Mentor for a JVM backend for GHC
ekmett at gmail.com
Sat May 7 16:19:17 UTC 2016
By the time it has made it down to Cmm there are a lot of assumptions
about layout in memory -- everything is assumed to be a flat object
made out of 32-bit or 64-bit slots. These assumptions aren't really
suitable for the JVM.
On Sat, May 7, 2016 at 11:32 AM, Thomas Jakway <tjakway at nyu.edu> wrote:
> This is a strange coincidence. I'm definitely no expert GHC hacker but I
> started (highly preliminary) work on a JVM backend for GHC a few weeks ago.
> It's here: https://github.com/tjakway/ghcjvm/tree/jvm/compiler/jvmGen/Jvm
> (The memory runtime is here: https://github.com/tjakway/lljvm)

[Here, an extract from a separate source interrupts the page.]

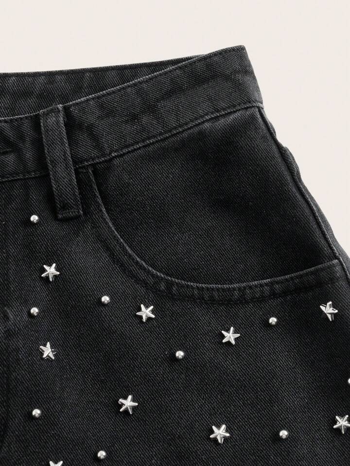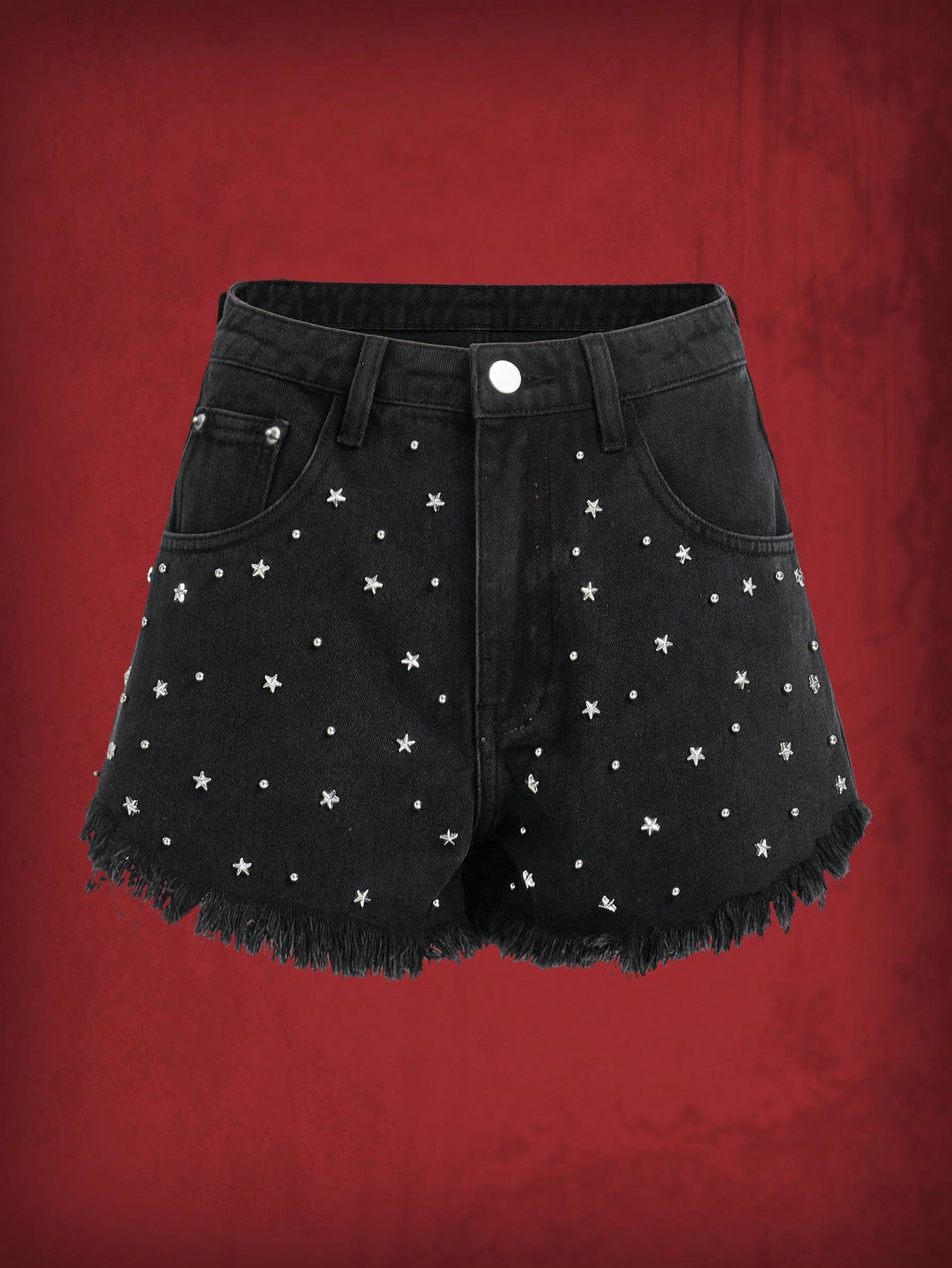 Grunge Punk شورت دنيم نجمة مرصعة حافة خام

> I'm very new to this so pardon my ignorance, but I don't understand what the
> benefit is of intercepting STG code and translating that to bytecode vs.
> translating Cmm to bytecode (or Jasmin assembly, as I'd prefer)? It seems
> like Cmm is designed for backends and the obvious choice. Or have I got
> this really mixed up?
> I hope this isn't out of line considering my overall lack of experience but
> I think I can give some advice:
> read the JVM 7 spec cover-to-cover.
> I highly suggest outputting Jasmin assembly instead of raw bytecode. The
> classfile format is complicated and you will have to essentially rewrite
> Jasmin in Haskell if you don't want to reuse it. Jasmin is also the de
> facto standard assembler and much more thoroughly tested than any homegrown
> solution we might make.
> read the LLVM code generator. This project is more like the LLVM backend
> than the native code generator.
> Don't go for speed. The approach that I've begun is to emulate a C stack
> and memory system the RTS can run on top of
> This will make getting something working much faster and also solves the
> problem of how to deal with memcpy/memset/memmove on the JVM. This will of
> course be very slow (I think) and is not a permanent solution. Can't do
> everything at once. Any other approach will probably require rewriting the
> entire RTS from the beginning.
> I don't think Frege is especially useful to this project, though I'd love to
> be proven wrong. Frege's compilation model is completely different from
> GHC's: they compile Haskell to Java and then send that to javac. Porting
> GHC to the JVM is really more like writing a Cmm to JVM compiler.
> I've heard of the LambdaVM project but couldn't find the actual code
> anywhere. The site where it was hosted appears to be offline. I'd
> certainly like to look at it if anyone knows where to find it.
> Information on Jasmin:
> Once you've tried manually dealing with constant pools you'll appreciate
> Jonathan Meyer's work!
> I forked davidar's extended version of Jasmin. The differences versus the
> original Jasmin are detailed here. Some nice additions:
> supports invokedynamic
> supports .annotation, .inner, .attribute, .deprecated directives
> better handling of the ldc_w instruction
> multi-line fields
> .debug directives
> signatures for local variables
> .bytecode directive to specify bytecode version
> (most importantly, I think): support for the StackMap attribute. If we
> eventually want to use new JVM instructions like invokedynamic, we need
> stack map frames or the JVM will reject our bytecode. JVM 7 has options to
> bypass this (but it's a hack), but they're deprecated and I believe not
> optional going forward. Alternatively we can stick with older bytecode
> versions indefinitely and not use the new features.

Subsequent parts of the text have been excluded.